More women than men report a history of attempted suicide, with a gender ratio of 3:1.
Four out of five teens who attempt suicide have given clear warnings.

Pay attention to these teen suicide warning signs:
Suicide threats, direct and indirect
Teen depression
Obsession with death
Poems, essays and drawings that refer to death
Dramatic change in personality or appearance
Irrational, bizarre behavior
Overwhelming sense of guilt, shame or reflection
Changed eating or sleeping patterns
Severe drop in school performance
Giving away belongings

(Here it is 2010 and the statistics have gotten worse.  I included the latter part of the article to help give people an idea of the kinds of signs your child, friend, partner or spouse may show prior to suicide.)

In my daughter’s case, according to her mother, she had created a collection of dark-themed poems about herself.  My understanding is that her mother didn’t find them until afterwards, too late to have acted upon my daughter’s angst and to prevent her from killing herself.  (Her mother and I were separated, and I lived out of state at the time.  A factor in of itself?  Maybe.)  I’m not blaming her mother or myself for what my daughter did.  Obviously, between the two of us, we didn’t see it coming.

So what is left for me to do with my life?  It has changed forever.  Now, I hope to reach out to those who have lost-and maybe get through to those who are about to lose.  If I could have seen this coming, I would have tried anything to stop her, even to the point of forcing her into a mental care facility.  Those who destroy themselves either aren’t thinking about the ones who love them, or they want to hurt their family members to the utmost.  Either way, it is a mind-bogglingly selfish act that plunges whole families into the depths of despair, and nobody deserves such pain.

Look for the survivor in yourself.  Ask yourself: What is most important in this life?  For me, it is the ability to start over, to give it another try.  As a survivor of suicide, for that is what I am, I have had to re-think every aspect of my life, but more importantly, act upon my new-found strength.  I work more, interact more, live more.  Maybe I’m not a better person than the one I was before my daughter died, but at least I am trying to live to the fullest.  It is my sincere desire that you will, too.

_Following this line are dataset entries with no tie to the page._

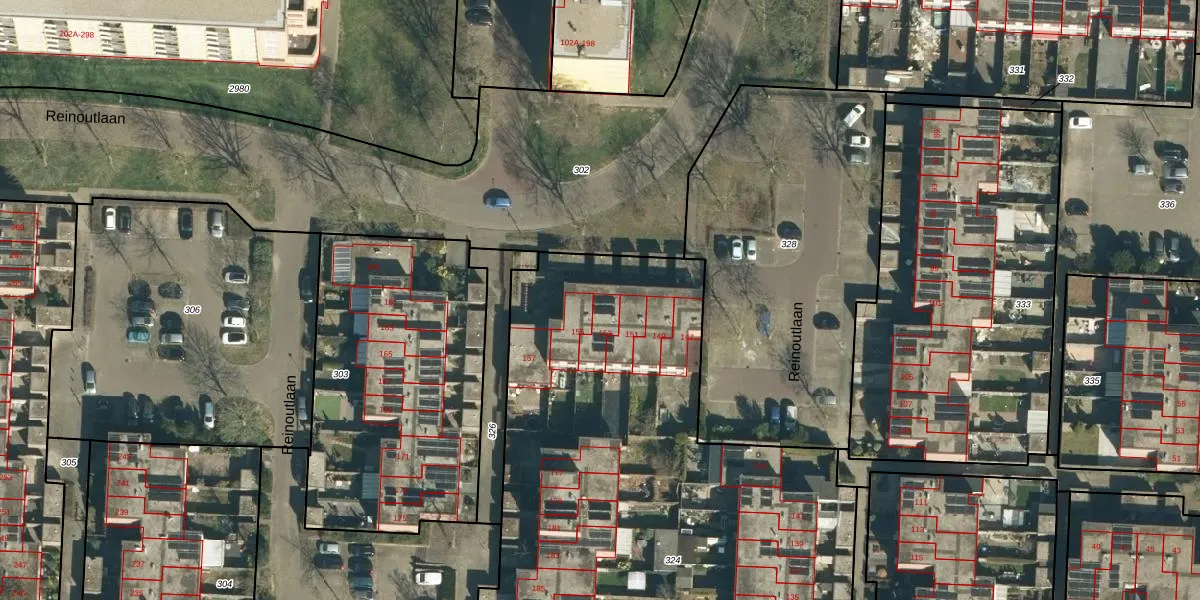 Reinoutlaan 153 is gelegen op kadastraal perceel GDP00F324. Deze kadastrale aanduiding is uniek en wordt gebruikt door het Kadaster om eigendomsrechten en andere zakelijke rechten vast te leggen. Het perceel maakt onderdeel uit van de kadastrale gemeente Geldrop.
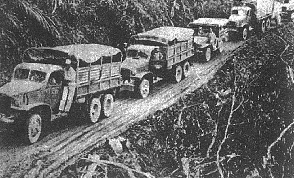 南僑機(jī)工駕車行駛在滇緬公路上(資料照片)。 新華社發(fā)
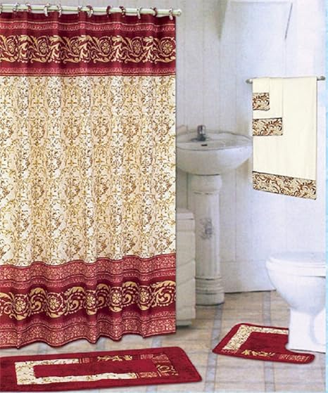 Buy Burgundy 18 Piece Bathroom Set 2 Rugs Mats 1 Fabric Shower
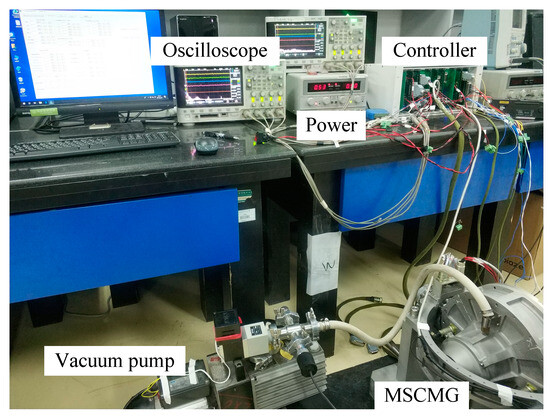 To further verify the correctness of the micro-vibration mechanism analysis and the feasibility of the proposed harmonic current suppression algorithm with adaptive frequency estimation, a simulation using MATLAB and an experiment using an MSCMG whose rotor is levitated by AMBs have been presented. The experimental setup is illustrated in Figure 11. A UPS is used to prevent sudden power outages. A vacuum pump is made to maintain a vacuum degree for rotor operation. The proposed method with frequency estimation is executed in the controller with a TMS320F28335. The sampling frequency of the digital signal processor is 6.67 kHz. The radial channels are decoupled from each other, the structure is symmetrical, and the parameters of these two AMBs are consistent. So, the channels of AX and AY are studied in this paper. The parameters of MSCMG are presented in Table 1. Gp(s), Gw(s) and Gc(s) can be described as

At this point, what is the worst that can happen?  It already has and I encourage you to become a stronger survivor and a bright light for those who suffer with you.

Joel Copeland is a member of the Yuba City Chapter of The Compassionate Friends.  He currently resides in Reno, NV.  You can contact him by e-mail joelscopeland@hotmail.com.

Update, August 11, 2015:

I look at my previous post here and I realize how little my own words have helped.  I recently visited a psychiatrist to get a change of medications to help me sleep after a couple of devastating episodes where I dreamed my daughter was still alive; and that she and her sister had helped to fake her death because she hated me.  A wound like this goes places it should not.  Suicide is so fucking selfish, even if it seems justified to the person doing it.  I’m still in pieces after eight years.  Bleeding pieces, and they never seem to heal.